But again, this theory rests on an extraordinary run through the radar systems of several countries.





*5. It was flown towards Langkawi island because of a fire or other malfunction*
The loss of transponders and communications could be explained by a fire, aviation blogger Chris Goodfellow has suggested. The left turn that the plane made, deviating from the route to Beijing, could have been a bid to reach safety, he argues. "This pilot did all the right things. He was confronted by some major event onboard that made him make that immediate turn back to the closest safe airport." He aimed to avoid crashing into a city or high ridges, Goodfellow argues. "Actually he was taking a direct route to Palau Langkawi, a 13,000ft (4,000m) strip with an approach over water at night with no obstacles. He did not turn back to Kuala Lumpur because he knew he had 8,000ft ridges to cross. He knew the terrain was friendlier towards Langkawi and also a shorter distance." In this theory it would be assumed that the airliner did not make it to Langkawi and crashed into the sea.
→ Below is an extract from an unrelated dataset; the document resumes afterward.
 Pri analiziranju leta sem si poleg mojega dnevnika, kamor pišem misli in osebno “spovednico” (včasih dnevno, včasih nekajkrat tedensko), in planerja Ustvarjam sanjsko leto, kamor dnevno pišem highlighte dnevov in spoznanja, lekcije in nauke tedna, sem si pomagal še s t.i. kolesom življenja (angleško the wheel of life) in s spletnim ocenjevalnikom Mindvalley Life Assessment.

But Goodfellow's theory has been disputed. If the course was changed during a major emergency, one might expect it to be done using manual control. But the left turn was the result of someone in the cockpit typing "seven or eight keystrokes into a computer on a knee-high pedestal between the captain and the first officer, according to officials", the New York Times reported. The paper says this "has reinforced the belief of investigators - first voiced by Malaysian officials - that the plane was deliberately diverted and that foul play was involved."
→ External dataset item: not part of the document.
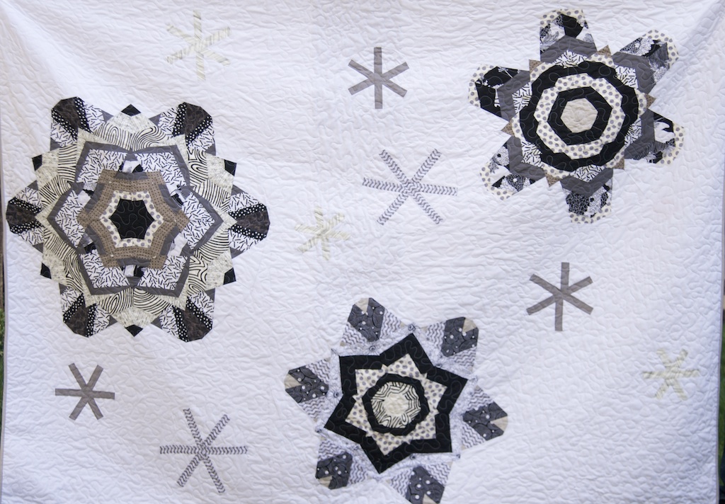 While not perfect, the first photo lets us see the additional snowflakes, a nice mixture of light, medium and dark in different sizes. Spaceship photo is kinda cute 🙂 I think you are right about the quilting. It works!

*6. The plane is in Pakistan*
Media tycoon Rupert Murdoch has tweeted: "World seems transfixed by 777 disappearance. Maybe no crash but stolen, effectively hidden, perhaps in northern Pakistan, like Bin Laden." But Pakistan has strenuously denied that this would be possible. The country's assistant to the prime minister on aviation, Shujaat Azeem, has been reported as saying: "Pakistan's civil aviation radars never spotted this jet, so how it could be hidden somewhere in Pakistan?"* Like the Kazakhstan theory, this all seems far-fetched, not least because the junction between Indian and Pakistani air space is one of the most watched sectors in the world by military radar. And despite the remoteness and lawlessness of northern Pakistan, the region is watched closely by satellites and drones. It seems scarcely believable to think an airliner could get there unspotted.*





*7. The plane hid in the shadow of another airliner*
Aviation blogger Keith Ledgerwood believes the missing plane hid in the radar shadow of Singapore Airlines flight 68. The Singaporean airliner was in the same vicinity as the Malaysian plane, he argues. "It became apparent as I inspected SIA68's flight path history that MH370 had manoeuvred itself directly behind SIA68 at approximately 18:00UTC and over the next 15 minutes had been following SIA68." He believes that the Singaporean airliner would have disguised the missing plane from radar controllers on the ground. "It is my belief that MH370 likely flew in the shadow of SIA68 through India and Afghanistan airspace. As MH370 was flying 'dark' without a transponder, SIA68 would have had no knowledge that MH370 was anywhere around, and as it entered Indian airspace, it would have shown up as one single blip on the radar with only the transponder information of SIA68 lighting up ATC and military radar screens." The Singapore Airlines plane flew on to Spain. The Malaysian jet could have branched off. "There are several locations along the flight path of SIA68 where it could have easily broken contact and flown and landed in Xinjiang, Kyrgyzstan, or Turkmenistan," Ledgerwood argues.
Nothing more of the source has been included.